Justin, age 7
Kendal, Cumbria, UK (1989)
I had two obsessions as a child - clothes and dancing. My mum took my sister to ballet lessons, which I insisted on attending. And to my father's utter disbelief, she actually dressed me in a leotard with ballet slippers. I even had leg warmers.
Not because I didn't like rugby or that I was terrible playing it. I just felt really out of place.
The other boys on the team took an instant dislike to me. Eventually, my dad and I compromised, which meant taking tennis and cricket lessons.
So, I was allowed to keep dancing and drop the traumatic rugby lessons.
I never realized I was gay until I was 14, and was not comfortable with it until much later.
And I can remember the moment I knew: a friend brought a porn magazine to school.

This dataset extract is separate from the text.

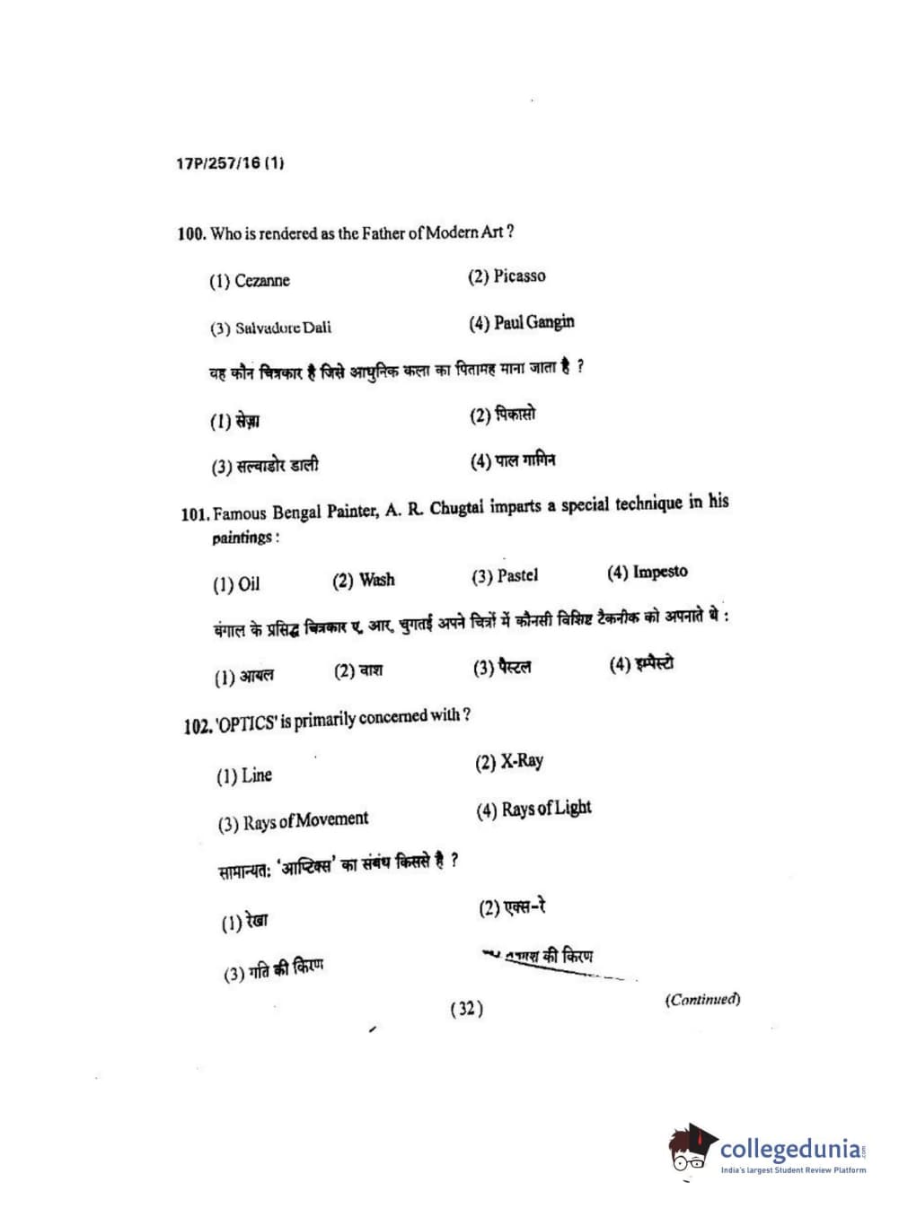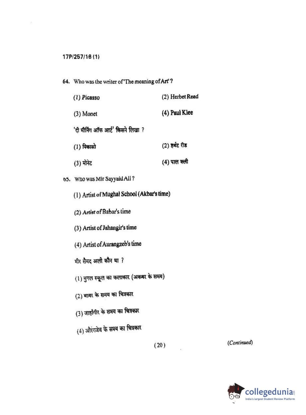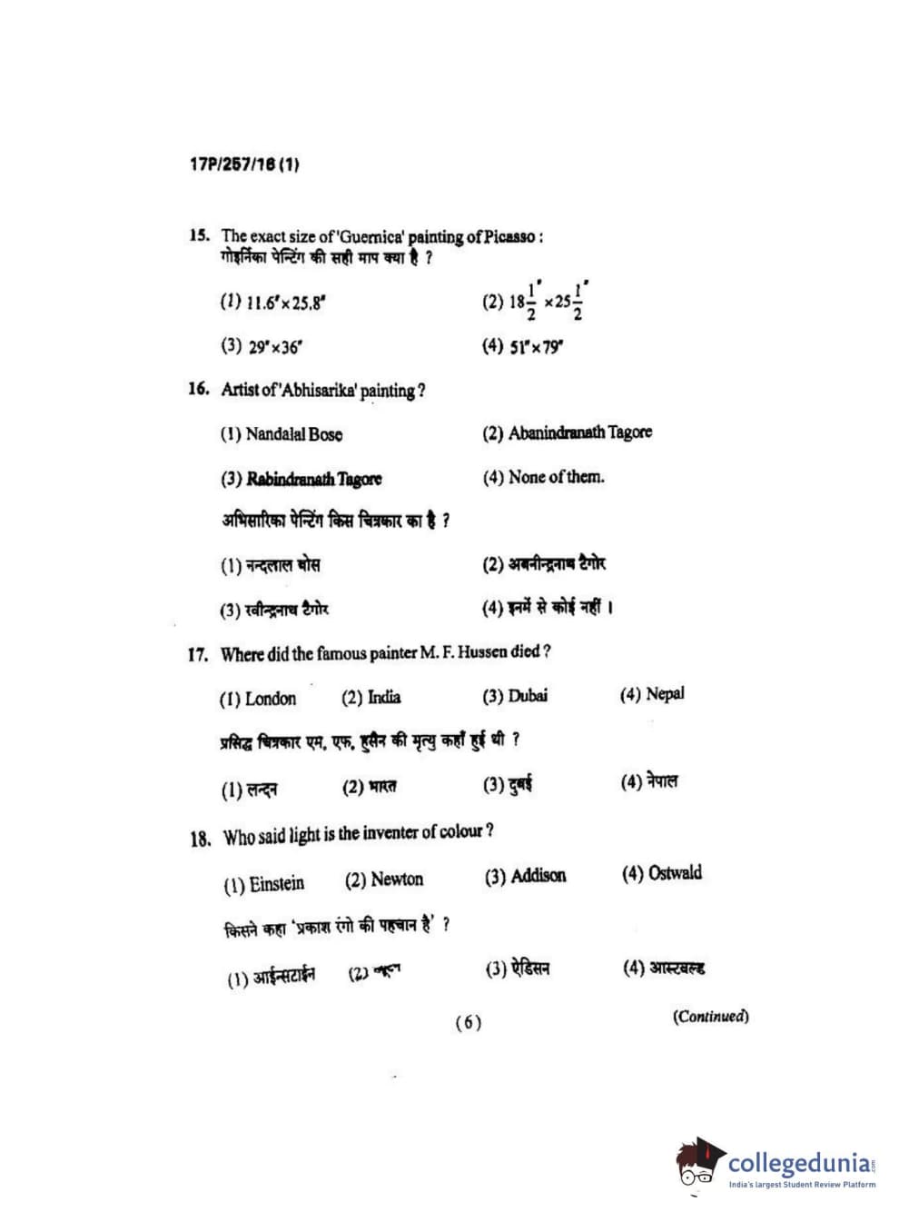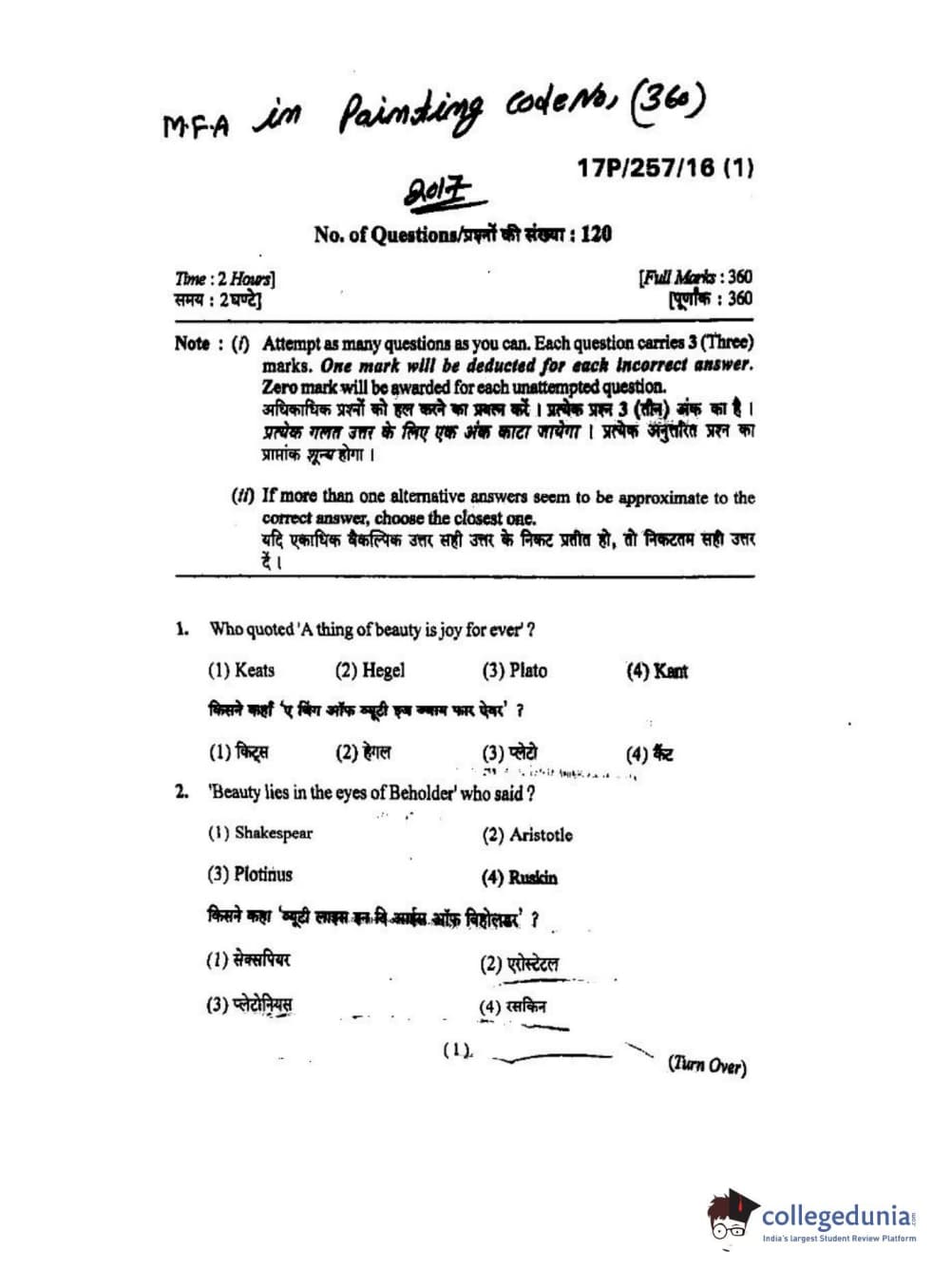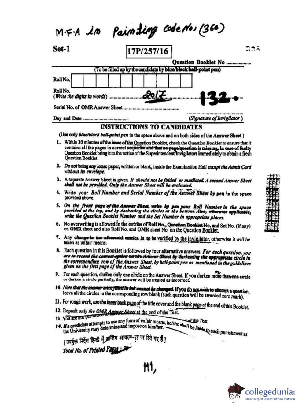 | BHU PET 2017 M.F.A in Painting Question Paper PDF | BHU PET 2017 M.F.A in Painting Answer Key PDF |
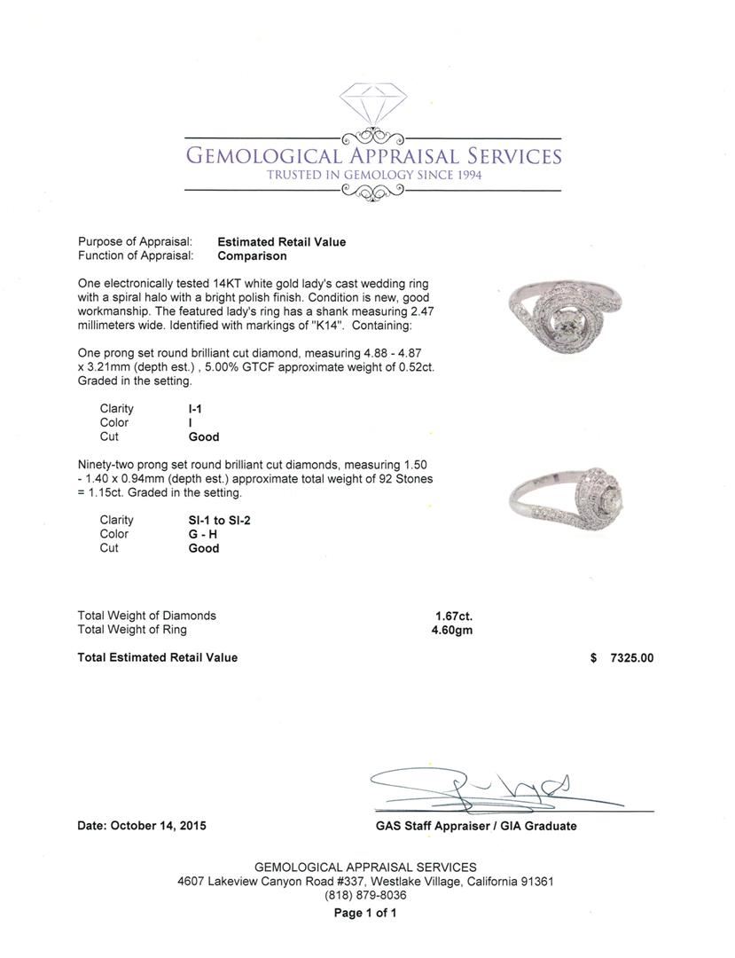 One electronically tested 14KT white gold lady's cast wedding ring with a spiral halo with a bright polish finish. The featured lady's ring has a shank measuring 2.47 millimeters wide. Identified with markings of "K14". Condition is new, good workmanship. Containing: One prong set round brilliant cut diamond, measuring 4.88 - 4.87 x 3.21mm (depth est.) , 5.00% GTCF approximate weight of 0.52ct. Graded in the setting. Clarity: I-1. Color: I. Cut Good Ninety-Two prong set round brilliant cut diamonds, measuring 1.50 - 1.40 x 0.94mm (depth est.) approximate total weight of 92 Stones = 1.15ct. Graded in the setting. Clarity: SI-1 to SI-2. Color: G - H. Cut Good. Total Weight of Diamonds 1.67ct. Total Weight of Ring 4.60gm. GAS Appraised at $7,325.00.

We were all fascinated, as none of us had seen a naked woman before.
I remember saying "I don't get it," and someone said "Well, you must be gay." This placed the seed of doubt in my mind. Weeks later I knew for sure, when a friend found his mum's very graphic videotape called "A Guide to Sex." The woman in it didn't interest me, only the man. And, my two best friends.
I don't know why it took so long for me realize who I was, or why I found being gay so difficult to accept. In my mind, being gay was a weakness. And at the time, I already felt flawed.
I decided to repress everything I felt was gay about myself. I regret doing that,
as it made me so unhappy. It was not until I started art school that I started to accept who I was. The moment I did, my life changed for the better.
Today, I'm a menswear designer. And I still love to dance.